◆ **Problem requirements**
Please print, exactly, only the lines in the entries below from the line that has "Ruim begane grond" through the line that has "Couleurs intenses et". Pictures don't go in.

Segment Start: Records for processing

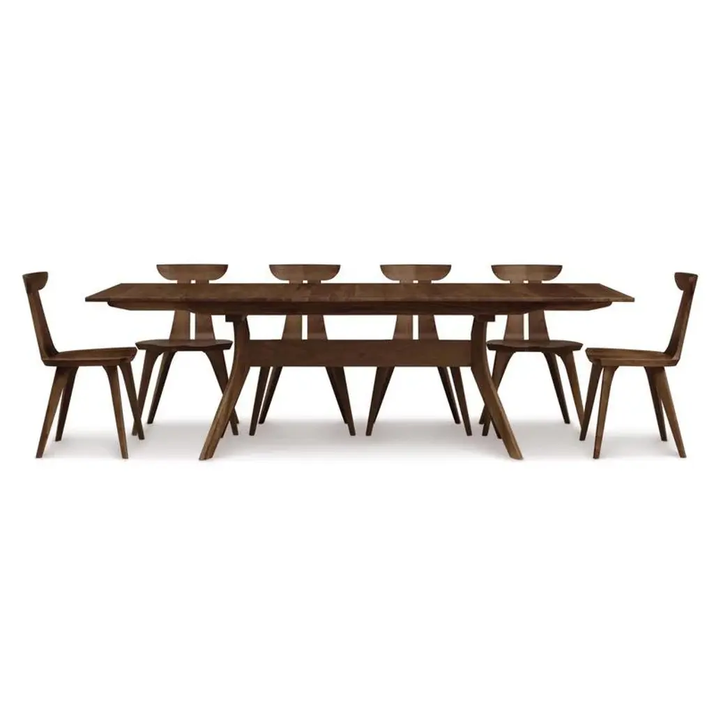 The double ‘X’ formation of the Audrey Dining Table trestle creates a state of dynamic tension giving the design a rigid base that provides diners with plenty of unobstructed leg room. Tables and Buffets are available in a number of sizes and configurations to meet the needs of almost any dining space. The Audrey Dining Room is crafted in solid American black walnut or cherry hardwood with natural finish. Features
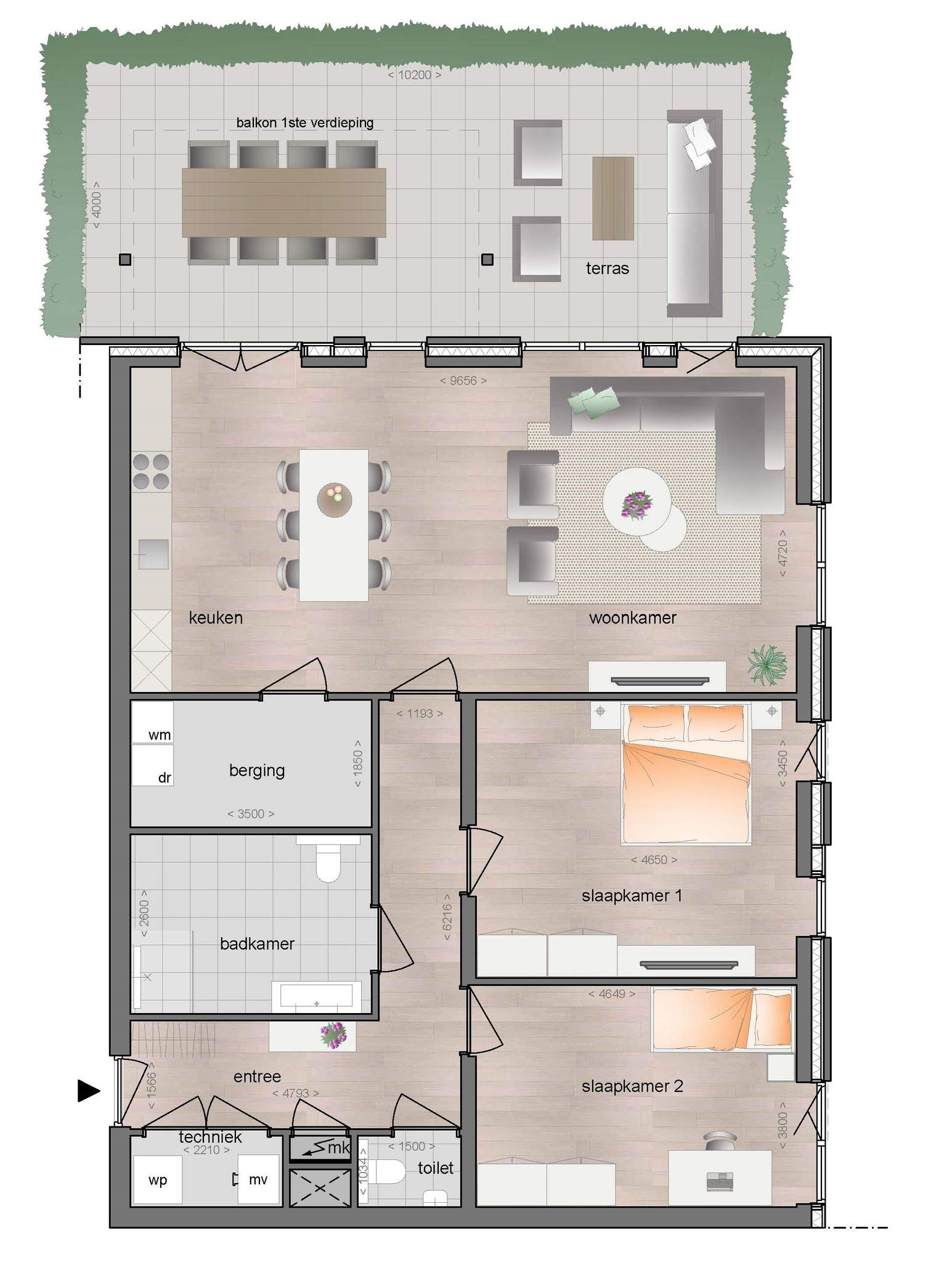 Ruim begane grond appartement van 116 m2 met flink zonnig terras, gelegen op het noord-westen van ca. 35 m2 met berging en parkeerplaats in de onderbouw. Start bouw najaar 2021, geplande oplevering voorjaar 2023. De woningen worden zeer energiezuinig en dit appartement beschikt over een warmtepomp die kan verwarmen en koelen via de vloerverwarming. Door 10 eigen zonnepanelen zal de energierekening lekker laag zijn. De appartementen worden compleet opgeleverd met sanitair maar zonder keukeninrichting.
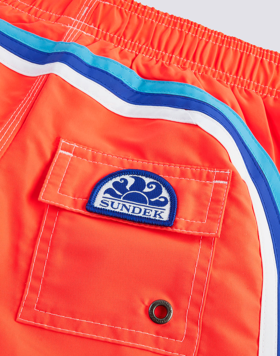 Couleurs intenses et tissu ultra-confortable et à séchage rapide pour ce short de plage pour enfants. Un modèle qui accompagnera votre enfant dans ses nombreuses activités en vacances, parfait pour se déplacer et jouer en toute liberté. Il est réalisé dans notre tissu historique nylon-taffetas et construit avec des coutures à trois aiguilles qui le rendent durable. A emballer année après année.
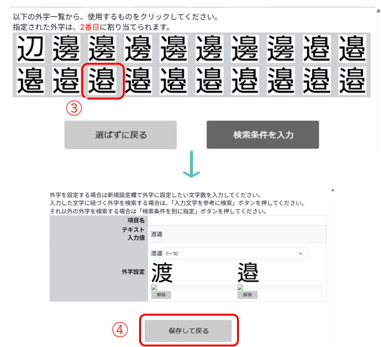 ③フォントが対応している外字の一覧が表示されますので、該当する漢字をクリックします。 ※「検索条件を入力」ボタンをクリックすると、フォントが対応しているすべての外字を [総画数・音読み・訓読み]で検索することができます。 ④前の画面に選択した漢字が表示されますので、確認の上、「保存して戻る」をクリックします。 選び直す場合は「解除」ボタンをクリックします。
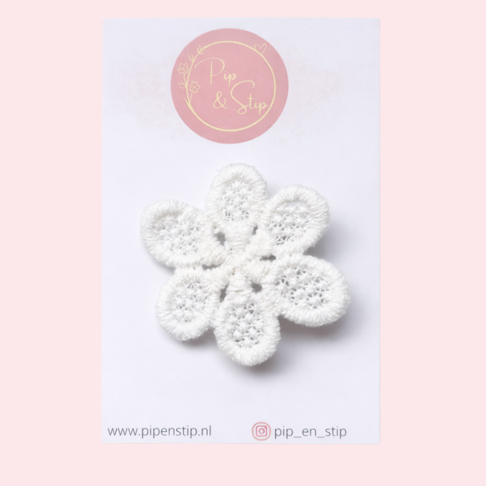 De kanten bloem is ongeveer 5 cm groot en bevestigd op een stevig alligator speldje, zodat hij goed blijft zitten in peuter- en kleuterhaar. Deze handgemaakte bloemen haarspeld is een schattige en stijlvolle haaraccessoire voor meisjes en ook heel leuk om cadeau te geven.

Segment End: Records for processing

◆ **Exercise response**
 Ruim begane grond appartement van 116 m2 met flink zonnig terras, gelegen op het noord-westen van ca. 35 m2 met berging en parkeerplaats in de onderbouw. Start bouw najaar 2021, geplande oplevering voorjaar 2023. De woningen worden zeer energiezuinig en dit appartement beschikt over een warmtepomp die kan verwarmen en koelen via de vloerverwarming. Door 10 eigen zonnepanelen zal de energierekening lekker laag zijn. De appartementen worden compleet opgeleverd met sanitair maar zonder keukeninrichting.
 Couleurs intenses et tissu ultra-confortable et à séchage rapide pour ce short de plage pour enfants. Un modèle qui accompagnera votre enfant dans ses nombreuses activités en vacances, parfait pour se déplacer et jouer en toute liberté. Il est réalisé dans notre tissu historique nylon-taffetas et construit avec des coutures à trois aiguilles qui le rendent durable. A emballer année après année.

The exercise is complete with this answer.